Museum on Main Street

Barn Again! Celebrating an American Icon

Barn Again! gave exhibition visitors new ways to consider a familiar icon. Using farm architecture and its adaptations, the exhibition explored agricultural changes and major movements in American history such as 19th century European immigration, westward migration, and the rise of large-scale, industrial farming in the 20th century. Panels, photographs, and artifacts, including an architectural scale model of an English barn, examples of nails, roofing and a mortise and tenon joint illustrate this agricultural history.

Even as barns disappear from the countryside, their iconic role in American culture remains constant. Advertising and industry professionals, politicians and artists frequently use barn imagery to convey American values such as dependability, hard work, independence and traditionalism. The exhibit presents popular culture objects such as toys, videos, books, plates, jewelry, lunch boxes, and food packaging showing this potency of the barn image in our daily lives.

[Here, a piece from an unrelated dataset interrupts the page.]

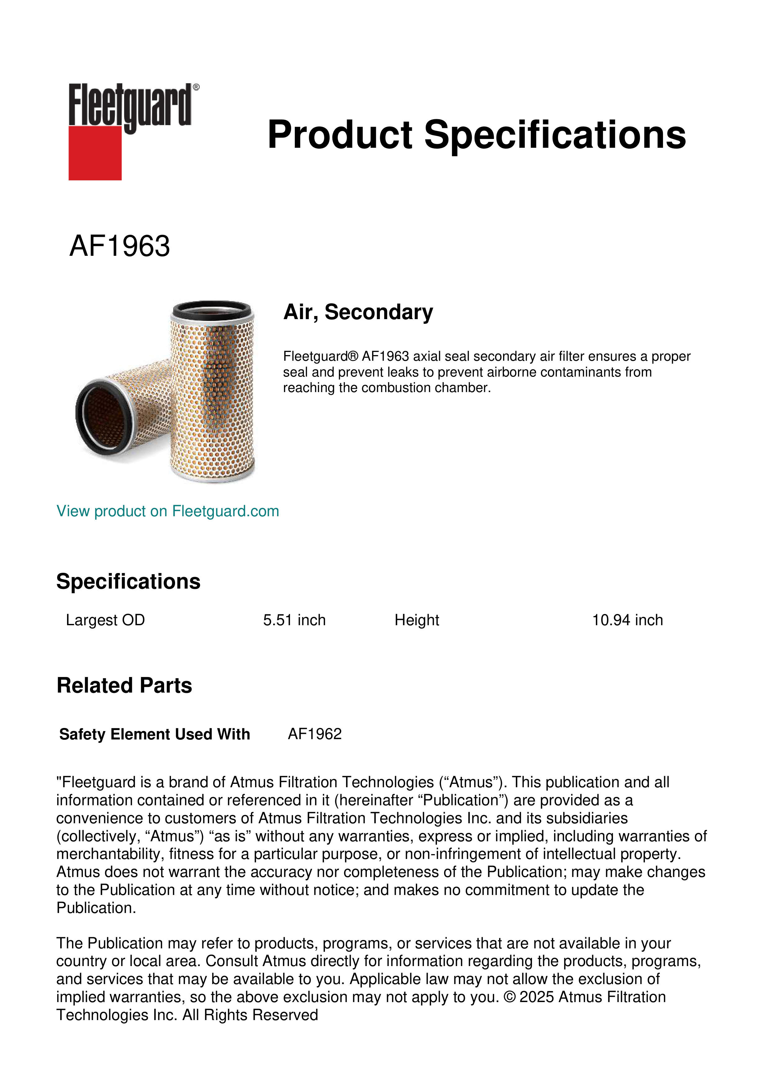 Fleetguard® AF1963 axial seal secondary air filter ensures a proper seal and prevent leaks to prevent airborne contaminants from reaching the combustion chamber.

Tennessee's Barn Again! hosts were selected in part for the stories they told about their region's rural history and culture. Some of these communities and other groups across the state worked with the Tennessee Century Farms Program to increase awareness of and celebrate the heritage of the Century Farms in their area.

Barn Again! completed its ten-month tour of Tennessee in the library museum of the University of Tennessee at Martin.